Data for analysis
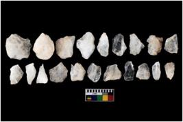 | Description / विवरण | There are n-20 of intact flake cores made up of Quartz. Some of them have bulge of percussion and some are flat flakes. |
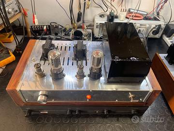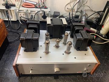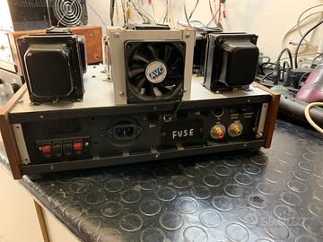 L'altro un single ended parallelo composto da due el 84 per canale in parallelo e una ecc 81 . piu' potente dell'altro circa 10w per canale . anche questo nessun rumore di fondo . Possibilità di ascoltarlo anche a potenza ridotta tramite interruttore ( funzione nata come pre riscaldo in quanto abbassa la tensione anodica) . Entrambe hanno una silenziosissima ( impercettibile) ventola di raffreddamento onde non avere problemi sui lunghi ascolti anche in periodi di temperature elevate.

==

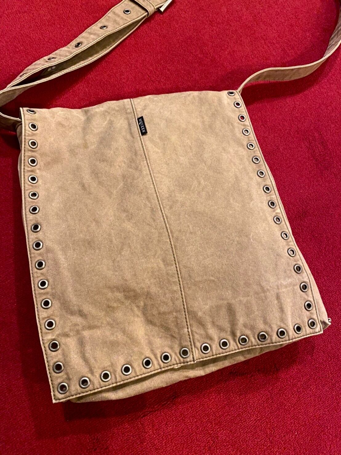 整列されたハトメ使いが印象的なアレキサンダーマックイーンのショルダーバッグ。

==

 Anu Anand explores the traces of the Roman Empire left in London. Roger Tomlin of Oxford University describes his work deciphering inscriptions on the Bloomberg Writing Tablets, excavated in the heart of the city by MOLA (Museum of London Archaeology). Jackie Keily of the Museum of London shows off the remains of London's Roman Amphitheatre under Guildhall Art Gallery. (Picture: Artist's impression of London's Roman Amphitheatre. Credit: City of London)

Brief
From the data above, retype only the lines starting with the line with "flat flakes. |" and going on through the line with "L'altro un single", exactly, leaving out the pictures.

Exercise output
 | Description / विवरण | There are n-20 of intact flake cores made up of Quartz. Some of them have bulge of percussion and some are flat flakes. |
 L'altro un single ended parallelo composto da due el 84 per canale in parallelo e una ecc 81 . piu' potente dell'altro circa 10w per canale . anche questo nessun rumore di fondo . Possibilità di ascoltarlo anche a potenza ridotta tramite interruttore ( funzione nata come pre riscaldo in quanto abbassa la tensione anodica) . Entrambe hanno una silenziosissima ( impercettibile) ventola di raffreddamento onde non avere problemi sui lunghi ascolti anche in periodi di temperature elevate.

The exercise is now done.